I thought about Gen. Some of the other girls in my class talked about boys incessantly – especially those boys like Qiang Bolin who were good at sport. I could see that Qiang Bolin was handsome too, in a lantern-jawed and well-defined way, and, as those other girls said, he was ‘hot’. But the way they would talk about those boys on the ping-pong and soccer teams – the way they would dissect their movements and compare their looks – made me feel brittle, cold and faraway. For I didn’t know how to have those kinds of conversations. And yet, as hollow and empty and as beneath me as I sometimes told myself they were, they were also the types of conversation that, just for once, I would have liked to take part in.

Gen was about as far away from Qiang Bolin as you could get. Gen was tall and lanky – gawky almost. He walked with a slight stoop. Despite his fastidious tidiness, he didn’t seem that at home in his own body. And yet there was something about him. A detachment, a sense of independence, which made it feel as though he was inwardly amused, as though life itself was funny and he didn’t care if no one else got the joke. Was that sexy? I didn’t know for sure, but when I thought about visiting his house on Tuesday evening, I felt a nervy anxiety that tingled in my belly. Something different, something exciting somehow.

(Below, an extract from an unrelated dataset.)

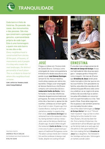 Cada bairro é feito de histórias. Do passado, das casas, dos monumentos e das pessoas. São elas que constroem a paisagem genuína, a personalidade própria de cada lugar. Esta é uma homenagem a quem vive este bairro no seu dia-a-dia. Every neighbourhood is constructed from stories. Of the past, of houses, of monuments and of people. It is they who create the real landscape, the distinct personality of each place. This is a tribute to those for whom this neighbourhood is home. Com o apoio da Tranquilidade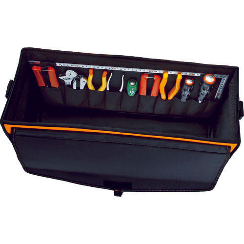 Stylish, well-designed tool bag.This almighty tool bag is the best size and easy to use.Has convenient cover.Color:OrangeOuter Dimension (mm) W x D x H:560 x 205 x 325With inner pocket x 13With outer pocket x 5With top coverWith Shoulder StrapPolyester

What would I wear? What would I say? I was tying myself up in knots, and I felt angry for getting ahead of myself like this. Perhaps boys invited girls over to do homework all the time. It might not mean anything. And even if it did, did I actually like him? As in … like him? I was sure it was silly, that I was being as frivolous as some of those girls and their never-ending conversations about the boys’ soccer team. And yet I couldn’t avoid the goofy smile that spread across my face. The same fluttering anticipation in my belly. I had the urge to laugh out loud. And it wasn’t just about the class today, or Gen’s request. It was the sudden realisation that life could change, that one’s fate could pivot on a pin, as my grandmother was fond of saying. The future was rushing towards me and for a few moments the prospect seemed wonderful and dizzying.

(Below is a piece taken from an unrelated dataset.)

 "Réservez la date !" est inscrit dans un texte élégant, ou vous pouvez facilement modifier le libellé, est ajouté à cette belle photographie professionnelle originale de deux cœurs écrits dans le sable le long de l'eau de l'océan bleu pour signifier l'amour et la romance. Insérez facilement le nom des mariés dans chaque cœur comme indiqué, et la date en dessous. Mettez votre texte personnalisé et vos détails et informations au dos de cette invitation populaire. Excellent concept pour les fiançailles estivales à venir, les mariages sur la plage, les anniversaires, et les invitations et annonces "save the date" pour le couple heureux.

I walked in the dark towards my apartment building. Then I caught a flicker of light. I saw my grandmother’s small shed with the door ajar. I sauntered over, unwilling to return home just yet. As I reached the door, the smell of grain and bird shit hit me, a rich and musty aroma which could make you hold your nose but for me was familiar and calming, for I had known it as long as I could remember. I could see the figure of my grandmother inside, scattering the feed, and I could hear the excited cheeping of a gaggle of little birds as they bumped up against one another: fluffy chicks with great half-closed eyes, still dozy with sleep and warmth, awakened to feed.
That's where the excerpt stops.